El empresario dijo además que lo que Panamá necesita es gente agresiva... y ahí volvió a confundirme ¿Para qué necesita Panamá gente que agreda? Lo que necesita es gente con iniciativa, dinámica, informada, y sobre todo, por el amor de Dios, que llame a las cosas por su nombre.
El abismo entre lo que oigo y mi entendimiento se ha hecho cada vez más profundo, a pesar de mis esfuerzos por no quedarme a la zaga en lo que a actualización se refiere. Pero qué va.

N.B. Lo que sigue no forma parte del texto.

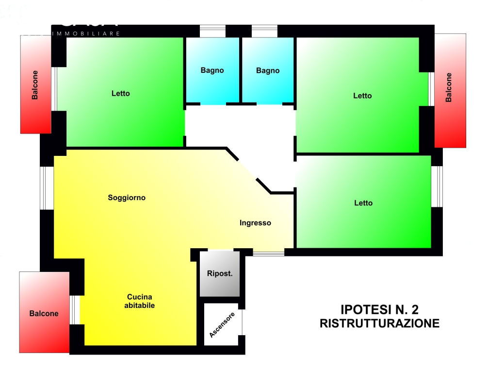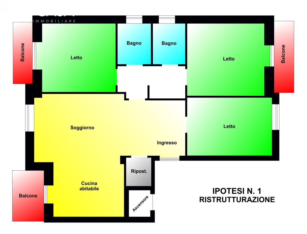 ALLOGGIO al 3° Piano composto da: Ingresso, Cucina abitabile, soggiorno, 2-3 camere letto, 2 bagni, 3 balconi, cantina e Box Auto

Un término que me trae de cabeza en estos días es la palabra política. Siempre había entendido que la política era el arte de conducir los asuntos de una nación y que, por tanto, aquellos que los manejaban bien y lograban progreso y beneficio para las gentes que componen esa nación eran buenos políticos. Sin embargo, cuando hablo con personas entendidas en el acontecer público, me doy cuenta de que el significado es ahora distinto y que la evolución semántica no causa sorpresa a nadie. Hacer política ya no es procurar el bien común desde un cargo gubernamental, sino trazarse una línea de acción para hacerse con el poder y sus consiguientes beneficios colaterales. Si esa línea de poder pasa por el chantaje, por la manipulación de la opinión pública o por la promesa que nunca se cumple no importa. Lo que interesa es el fin y no los medios. De ahí que un buen político sea hoy en día el que más artimañas usa para conseguir sus objetivos. Solo basta con que las utilice bien y cumplan lo que se proponen. Aunque el país ande al garete.
Debe ser que estoy envejeciendo a chorros. Las cosas no están ya donde solían. Y percibo como mentira lo que otros quieren que acepte como verdad.